How long do you think it’ll be before someone?
I mean, has this made its way into some of the tools that we use right now like cursor and others?
Or is this something that’s kind of on its way? Humorously, actually, Claude just pushed out their memory feature. Obviously, it’s part of GBT.
Jim and I added theirs in about February.
So lots of memory stuff is actually happening right now. So it’s a moving space. It is very much not solved.
So this is one where I think there’s going to be a lot of movement still, but I think that what’s around right now is it works enough that it’s not a bad time to think about using it.
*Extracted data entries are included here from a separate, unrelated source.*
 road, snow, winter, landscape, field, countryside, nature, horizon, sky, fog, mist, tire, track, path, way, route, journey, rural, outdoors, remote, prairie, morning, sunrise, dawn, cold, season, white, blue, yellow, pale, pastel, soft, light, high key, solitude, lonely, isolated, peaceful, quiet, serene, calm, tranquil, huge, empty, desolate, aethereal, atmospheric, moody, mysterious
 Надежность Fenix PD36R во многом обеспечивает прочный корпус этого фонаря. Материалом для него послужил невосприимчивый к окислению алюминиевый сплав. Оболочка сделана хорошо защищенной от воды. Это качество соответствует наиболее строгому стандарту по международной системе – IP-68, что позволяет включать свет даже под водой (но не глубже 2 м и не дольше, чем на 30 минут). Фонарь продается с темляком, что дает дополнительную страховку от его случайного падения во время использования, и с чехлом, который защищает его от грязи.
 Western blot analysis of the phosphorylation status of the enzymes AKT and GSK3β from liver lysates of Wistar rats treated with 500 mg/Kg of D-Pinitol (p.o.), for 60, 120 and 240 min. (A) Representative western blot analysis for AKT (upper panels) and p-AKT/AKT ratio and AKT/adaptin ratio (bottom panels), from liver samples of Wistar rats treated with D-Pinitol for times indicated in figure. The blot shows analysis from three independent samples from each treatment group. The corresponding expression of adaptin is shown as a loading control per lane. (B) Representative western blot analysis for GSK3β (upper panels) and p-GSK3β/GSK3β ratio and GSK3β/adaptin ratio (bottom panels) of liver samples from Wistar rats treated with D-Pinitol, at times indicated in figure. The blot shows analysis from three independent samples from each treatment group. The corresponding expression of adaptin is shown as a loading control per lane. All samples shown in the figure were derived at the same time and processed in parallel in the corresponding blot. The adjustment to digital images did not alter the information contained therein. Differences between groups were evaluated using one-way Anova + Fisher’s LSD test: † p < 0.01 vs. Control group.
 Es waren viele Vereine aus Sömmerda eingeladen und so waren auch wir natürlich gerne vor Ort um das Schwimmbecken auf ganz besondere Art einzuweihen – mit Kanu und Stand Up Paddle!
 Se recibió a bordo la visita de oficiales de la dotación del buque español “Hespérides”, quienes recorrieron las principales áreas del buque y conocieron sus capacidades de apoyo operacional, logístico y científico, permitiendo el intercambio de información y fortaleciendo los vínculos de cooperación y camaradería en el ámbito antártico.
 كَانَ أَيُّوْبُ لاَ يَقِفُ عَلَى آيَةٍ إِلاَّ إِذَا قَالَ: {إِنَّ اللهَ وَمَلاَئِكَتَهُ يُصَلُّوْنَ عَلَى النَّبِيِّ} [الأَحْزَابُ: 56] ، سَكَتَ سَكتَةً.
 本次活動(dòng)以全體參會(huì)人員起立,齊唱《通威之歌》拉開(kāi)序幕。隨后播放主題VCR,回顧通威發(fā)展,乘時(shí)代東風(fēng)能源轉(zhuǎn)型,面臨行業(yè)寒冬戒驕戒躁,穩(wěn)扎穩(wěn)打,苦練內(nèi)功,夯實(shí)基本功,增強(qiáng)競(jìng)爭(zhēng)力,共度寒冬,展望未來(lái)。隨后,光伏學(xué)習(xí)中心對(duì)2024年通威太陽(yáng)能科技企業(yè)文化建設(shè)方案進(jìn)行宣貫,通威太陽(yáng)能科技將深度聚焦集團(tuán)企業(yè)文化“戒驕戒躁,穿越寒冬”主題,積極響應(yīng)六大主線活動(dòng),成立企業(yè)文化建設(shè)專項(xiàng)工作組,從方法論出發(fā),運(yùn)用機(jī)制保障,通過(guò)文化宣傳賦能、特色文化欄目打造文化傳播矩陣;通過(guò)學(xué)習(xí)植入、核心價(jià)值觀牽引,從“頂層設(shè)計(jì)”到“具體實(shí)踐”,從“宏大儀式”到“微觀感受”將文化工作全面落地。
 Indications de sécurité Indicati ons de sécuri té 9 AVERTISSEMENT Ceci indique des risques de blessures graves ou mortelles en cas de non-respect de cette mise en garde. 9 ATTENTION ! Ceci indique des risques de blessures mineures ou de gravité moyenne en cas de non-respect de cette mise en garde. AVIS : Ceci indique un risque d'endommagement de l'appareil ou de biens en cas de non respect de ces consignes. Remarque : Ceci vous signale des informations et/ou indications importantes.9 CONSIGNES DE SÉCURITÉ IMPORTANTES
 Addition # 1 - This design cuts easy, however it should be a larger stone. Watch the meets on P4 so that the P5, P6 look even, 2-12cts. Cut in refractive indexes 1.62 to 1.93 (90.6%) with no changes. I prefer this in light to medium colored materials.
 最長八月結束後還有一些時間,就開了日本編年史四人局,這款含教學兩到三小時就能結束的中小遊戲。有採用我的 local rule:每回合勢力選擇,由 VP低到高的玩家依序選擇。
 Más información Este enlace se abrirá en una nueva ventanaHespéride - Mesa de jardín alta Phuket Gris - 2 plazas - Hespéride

Okay. But, and, you know, obviously you look at, you know, like the contextual memory with like the Claude MDs and the replets, that stuff’s kind of sitting out there.
And I think people are just Finding the right way to do the vector store stuff, I think it’s a little bit less accessible because you’ve got to kind of think about how you do the data model at that point.
But people are starting to, just because there’s so much value in doing it and the need is so high, people are starting to implement that sort of thing. And so if you look at all the Pullabaloo, I don’t know if you guys saw Obviously GPT-5 exists, so we can talk a little bit about that too if we want to, if we have a time at the end.
But there’s a big hull below about them taking offline 4.0, like all of the old models, which a lot of people were very, very angry about that.
And Sam Altman had to walk it back, because these people had gotten weirdly parasocial with this 4.0 model, which is surprising to me because I find the thing obnoxious.
But there’s this memory system.
It’s remembering things about them.
And they got used to how it was responding. And this sort of system can be very powerful for better or for worse. So that was kind of another interesting tidbit of how these memory systems can make these systems feel very personal, which is good from a chat sort of viewpoint.
But obviously, I want my assistant when I’m working to be personal as well. I want it to know the libraries I use, the patterns I use.
So it’s an interesting problem.
It’s one, we talk about tools and context engineering, all that sort of stuff a lot.
And I would say that memory is equally as important, if not more important than those elements in the long term in order to be able to have continual learning agents.
Yeah, that’s my answer that was more than you asked for That’s fine So it’s a little less better than none So getting you know moving in the right moving forward We’re likely to see different approaches and until it kind of I guess Consolidates into a I don’t know if it’ll there could be multiple approaches that are all valid So it may not wind up being you know, everybody on the same, you know, it’s probably not gonna be it’s probably going to be more like rag where we are all there. And then it’s, I guess, incrementally improved, you know, as you add new little tweaks here and there. Yes.
I think so anyway.
There’s not one method to store data.
You know, I’ve got databases, I’ve got file system, I’ve got, you know, all those things exist in a working system.
All right, we had one question from Daniel. if you wanna give a quick synopsis, but for Daniel, we do record these and we’ll post it as soon as I get around to getting it packaged on Vimeo and get a link out if you wanna go back and watch the first part of it. Yeah, and some of it is the vector store, but there’s a little bit more than that to this, but the vector store is obviously a very big element of it. For sure.
All right.
Any other questions, comments, open topics?
Kind of an open floor here. Got about 15 minutes, so. I won’t belabor the point if we have no discussion. I don’t have anything else on this one. Again, a lot of the topics and papers I wind up going back. I really like the broad overview and then gives me some pointers into where I need to go spend some time to get deeper. I think your whole approach probably saves me a good two hours or so just getting into the, you know what I mean? I don’t know, but we appreciate it. No problem. Appreciate getting the app. All right. I’m going to stop the recording then.